By David Freedlander
It’s Saturday night, and Zum Schneider, the anachronistic German beer hall on Seventh St. and Avenue C, is packed with the ruddy faces of East Village revelers stopping in for a pint of genuine Bavarian pilsner and some Wiener schnitzel.
But if the bar’s landlords have their way, all of this merrymaking will cease, possibly as soon as this summer.
The bar was served an eviction notice by the board of the Housing Development Fund Corporation co-op above the establishment. They have a court date in two weeks.
Zum Schneider is being accused of, among other things, excessive noise, attracting vermin and blocking the sidewalk entrance to the apartment building. All of which the bar’s supporters say is hogwash, a ploy to get them kicked out so the landlords can raise the rent.

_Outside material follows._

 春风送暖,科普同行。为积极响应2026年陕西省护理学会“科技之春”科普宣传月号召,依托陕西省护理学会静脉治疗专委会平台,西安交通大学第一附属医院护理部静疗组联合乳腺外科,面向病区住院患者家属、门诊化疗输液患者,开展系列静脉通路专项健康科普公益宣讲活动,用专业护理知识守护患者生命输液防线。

“It’s obvious they can get more money from someone else being there so they are trying to use technical defects in the lease,” said Adam Bailey, the lawyer representing Zum Schneider. “H.D.F.C.’s are supposed to be helping the little guy, not kicking them out. This is un-American.”

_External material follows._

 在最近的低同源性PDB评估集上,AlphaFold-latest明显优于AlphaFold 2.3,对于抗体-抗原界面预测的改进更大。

The Housing Development Fund Corporation is a state program designed to allow residents who would otherwise be unable to afford a home to buy a share in an apartment building. H.D.F.C. buildings are required by law to remain available to low-income people.
When the bar’s owner, Sylvester Schneider, opened the place in 2001, Avenue C was still a gritty outpost in the rapidly gentrifying neighborhood, and the corner of Seventh and C was occupied by an abandoned video store that attracted drug dealers and derelicts. Now that Loisaida is cheek by jowl with trendy restaurants and chic boutiques, Schneider feels he is becoming the unwitting victim of his own success in turning the street around.
“They can double the rent if they kick us out,” he said. “We’ve contributed to make the neighborhood a better place. These people who are giving us a hard time have forgotten the past.”
The co-op board disputes that notion.
“Mr. Schneider has been ignoring the fact that this is a residential area,” said Conrad Wasmer, an attorney representing the board. “I think they would be willing to take a lower rent for someone else.”
Schneider moved to New York from his native Munich 17 years ago, hoping to make it as a rock star. When he started a family, he began to realize that the life of a musician wasn’t going to be enough, and so looked into buying a restaurant.
“I’d been in America 12 years and I was really missing home,” he said. “I missed the Bavarian beer gardens where everybody could bring their families and their children and their friends and sit together.”
Zum Schneider is now an odd piece of the Old World sitting on the Lower East Side. The wooden tables were handmade by Schneider’s father and the chairs imported from Munich. Most of the staff are from Germany, and all are fluent in the language. Oktoberfest is an annual event, and on Sundays during the Christmas season the bar holds Bavarian caroling events.
“This is the greatest thing that happened to this neighborhood,” said Michael Docher, a resident of the co-op who supports Zum Schneider. “There was no reason for anybody to come to Avenue C before Sylvester brought people here.”
“It’s so nice to be able to sit on Avenue C and drink a good beer,” concurred Rina Root, a longtime resident who was at the bar with her husband and 12-year-old daughter, Anna. “When we first moved here you couldn’t even get an in-date yogurt.”
When Schneider first rented the space five years ago, the makeup of the co-op board that lived in the building was much different. The new board is determined, he thinks, to get rid of him.
“I’ve been more or less harassed for three years,” he said. “I’ve been a good boy and I did whatever they asked me to do. They are throwing as many sticks and stones at us as they can. I am willing to compromise but they need to step back.”
In the meantime, Schneider and his supporters are fighting the eviction order. A petition that circulates among the tables has garnered 600 signatures. An online version has over 1,100 names.
Most of the patrons are now savoring their bites of schupfnudeln and their sips of Spaten, knowing that the days of their local biergarten may be numbered.
“Where else can you get a pint of beer like that?” said Eddie As, a customer who travels all the way from Long Island City, as he held a golden-tinted lager up to the light. “This is a part of New York. You close this place it’s like closing Rockefeller Center. It’d be a shame. It’s all about greed.”